Straw Yield = Plant Biomass – Grain Yield
1000 grains from each plot were counted and weighed on electronic weighing balance. Harvest index was calculated using following equation
Harvest index = (Economic yield / Biological yield)×100
Table 1: Soil physical and chemical characteristics of the experimental field.
Physic-Chemical Properties | Units | Values | Method Used |
Clay | % | 8.5 | |
Silt | % | 51.7 | |
Sand | % | 39.8 | |
Texture class | - | Silt loam | Bouyoucos method (1962) |
pH | - | 6.4 | (Melean,1982) |
EC |
dSm-1 |
0.042 | (Richards,1954) |
Organic matter | % | 1.04 | (Nelson and Somers., 1996) |
Lime content | % | 2.61 | (US Salinity Staff, 1954) |
N | % | 0.048 | (Bremner, 1996) |
P |
mg kg-1 |
5.79 | Olson Method |
K |
mg kg-1 |
117 | Knudsen et al. (1982) |
Statistical analysis
The data was statistically analyzed using analysis of variance techniques appropriate for randomized complete block design (RCBD). Mean were compared using LSD test at 0.05 level of probability, (Steel and Toori, 1980).
Results and Discussion
Plant parameter
Plant height (cm): The statistical analysis of the data on plant height (cm) of rice crop showed that all 4 treatment means are provocatively (p< 0.05) different from one another, (Table 2). The maximum plant height (90 cm) was recorded in T4 when super silica was applied at the rate of 150 kg ha-1, followed by plant height (85cm) of T3, treated with 100 kg silicon ha-1 while the minimum plant height (70 cm) was noted in T1. Ahmad et al. (2013) also found that the height of rice was significantly increased with the application of silicon.
Table 2: Plant height (cm), 1000 grain weight (kg ha-1) and Straw yield (kg ha-1) of rice crop as affected by different doses of silicon.
Treatments | Plant height (cm) | 1000 grain weight (g) | Straw yield (kg ha-1) |
T1 | 70 d | 25 | 5013 |
T2 | 76 c | 25 | 4823 |
T3 | 85 b | 25 | 5398 |
T4 | 90 a | 26 | 4714 |
Mean data followed by different litters are significantly different; LSD critical valve of probability is ( p< 0.05); LSD Critical value of treatment comparison of plant height = 3.1059 (Significant); LSD Critical value of treatment comparison of 1000 grain weight = 6.8218 (Non-Significant); LSD critical value of treatment comparison of straw yield = 929.13 (Non-Significant).
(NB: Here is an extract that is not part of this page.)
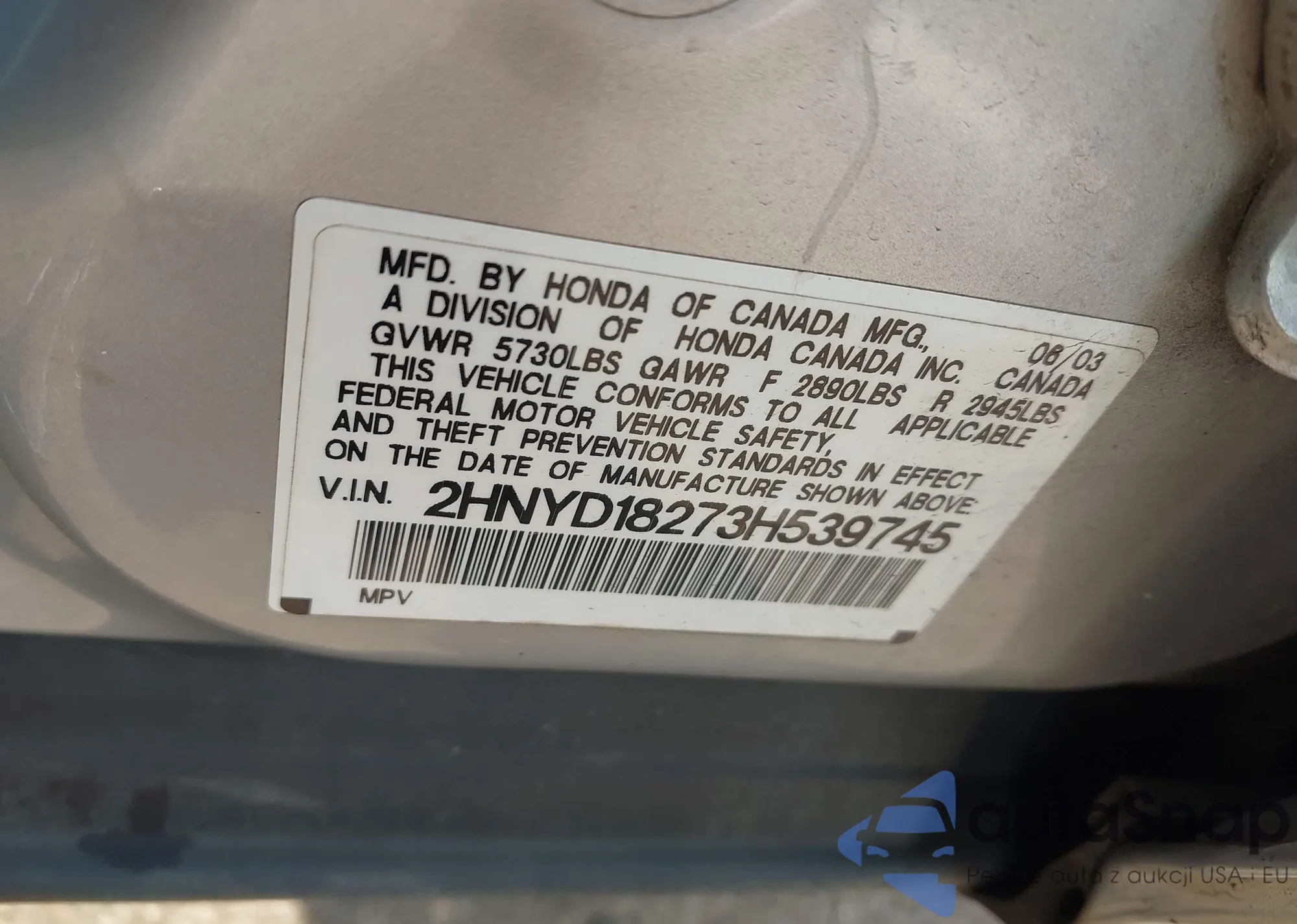 LOT: 43059523 VIN: 2HNYD18273H539745

1000 grain weight (g): Table 2 reveals a non-enticed difference in weight of 1000 grains of rice among treatments (p<0.05). Photosynthates movement towards grains is not affected by silicon (Mobasser et al., 2008), so individual grain weight of same variety is not increased by silicon application.
Straw yield (kg ha-1): Non-significant variation in rice straw yield was observed (Table 2), which illustrates 5398 kg ha-1in T3that was statistically at par with 4714, 4823 and 5013 kg ha-1 straw in T4, T2 and T1, respectively. A similar result in study of (Hakim et al., 2012) strengthens our evidence.
Biological yield (kg ha-1): The maximum biological yield (9299 kg ha-1) was obtained in T3 when silicon was applied at the rate of 100 kg ha-1 followed by biological yield (8004 kg ha-1) of T4, treated with 150 kg silicon ha-1, while the minimum biological yield (7284 kg ha-1) was noticed in T1 (Table 3). Ahmad et al. (2012) also found increase in biological yield (kg ha-1) with the increasing rates of silicon to rice crop.
Table 3: Biological yield (kg ha-1), grain yield (kg ha-1) and harvest index (%) of rice crop as affected by different doses of silicon.
Treatments | Biological yield (kg ha-1) | Grain yield (kg ha-1) | Harvest index (%) |
T1 | 7284 b | 2271 c | 31 b |
T2 | 7449 b | 2626 c | 35 ab |
T3 | 9299 a | 3901 a | 42 a |
T4 | 8004 b | 3289 b | 41 a |
Mean data followed by different litters are significantly different; LSD Critical valve of probability is (P<0.05); LSD Critical value of treatment comparison of Biological yield = 961.50 (Significant); LSD Critical value of treatment comparison of Grain yield = 574.44 (Significant); LSD Critical value of treatment comparison of Harvest index = 7.3743 (Significant).
Grain yield (kg ha-1): The Statistical analysis of the data on grain yield (kg ha-1) of rice crop showed that all 4 treatment means are Significantly (P< 0.05) different from one another (Table 3). Maximum grain yield (3901 kg ha-1) was obtained in T3 when silicon was applied at the rate of 100 kg ha-1 followed by grain yield (3289 and 2626 kg ha-1) of T4 and T2, treated 150 and 50 kg silicon ha-1while the minimum grain yield (2271 kg ha-1) was noticed in T1. Increase in rice grain output was in consequence with increasing application of silicon (Hakim et al., 2012). Our findings are also in line with that of Agostino et al. (2017) who reported an an improvement in biomass (42%) and tiller production (25%) for rice receiving foliar Si.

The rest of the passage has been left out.